■ BRIEF ■
For the records below, output word for word the lines from the one with "すると対岸にはコスタ ビクト" up to and including the one with "Straplez yaka ve". No pictures.

■ SUPPLIED DATA ■
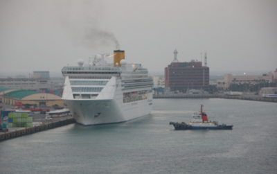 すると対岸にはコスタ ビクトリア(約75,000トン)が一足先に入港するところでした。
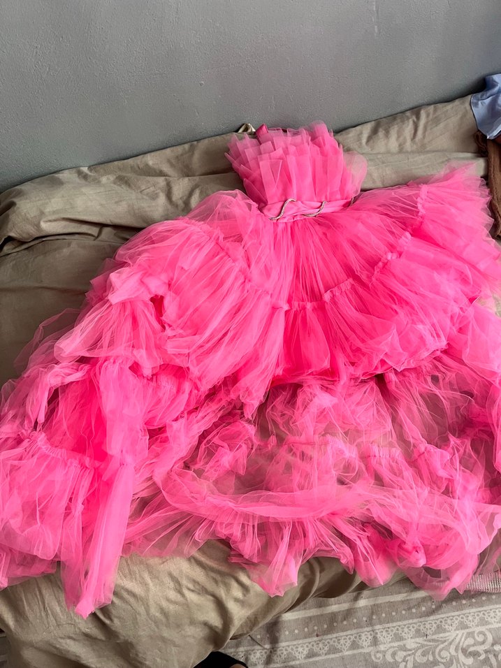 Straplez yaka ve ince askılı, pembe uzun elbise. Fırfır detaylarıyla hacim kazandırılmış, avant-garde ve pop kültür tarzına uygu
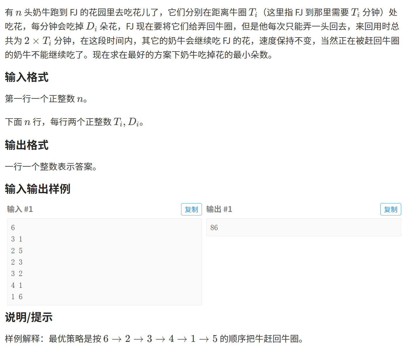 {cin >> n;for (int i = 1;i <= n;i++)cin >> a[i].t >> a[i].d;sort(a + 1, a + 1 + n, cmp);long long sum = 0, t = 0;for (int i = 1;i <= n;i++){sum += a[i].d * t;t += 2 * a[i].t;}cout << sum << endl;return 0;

--

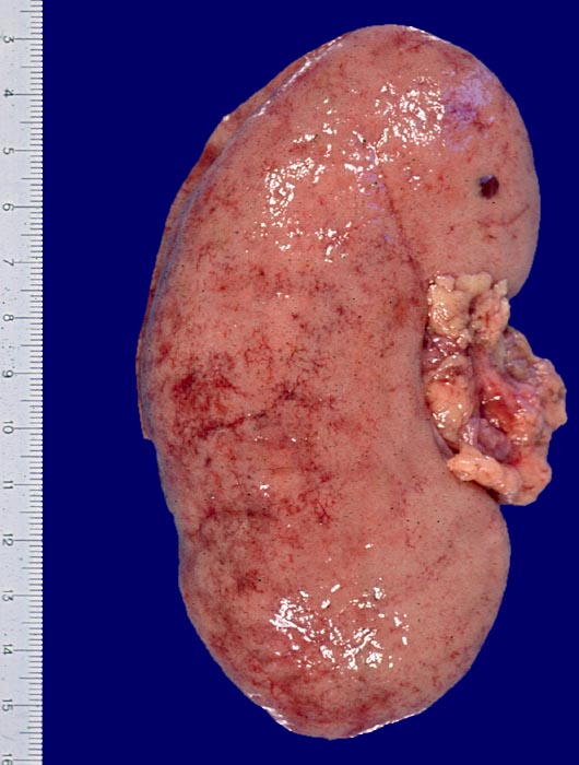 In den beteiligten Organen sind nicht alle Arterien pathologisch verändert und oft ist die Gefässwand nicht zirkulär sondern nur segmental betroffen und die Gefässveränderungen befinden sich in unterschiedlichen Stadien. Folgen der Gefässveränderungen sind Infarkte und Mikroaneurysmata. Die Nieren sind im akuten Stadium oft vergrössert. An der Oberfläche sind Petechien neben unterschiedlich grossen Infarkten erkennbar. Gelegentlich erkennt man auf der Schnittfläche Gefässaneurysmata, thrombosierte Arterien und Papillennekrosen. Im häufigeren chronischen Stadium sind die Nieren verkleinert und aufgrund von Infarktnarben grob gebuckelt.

■ RESULT OF THIS EXERCISE ■
 すると対岸にはコスタ ビクトリア(約75,000トン)が一足先に入港するところでした。
 Straplez yaka ve ince askılı, pembe uzun elbise. Fırfır detaylarıyla hacim kazandırılmış, avant-garde ve pop kültür tarzına uygu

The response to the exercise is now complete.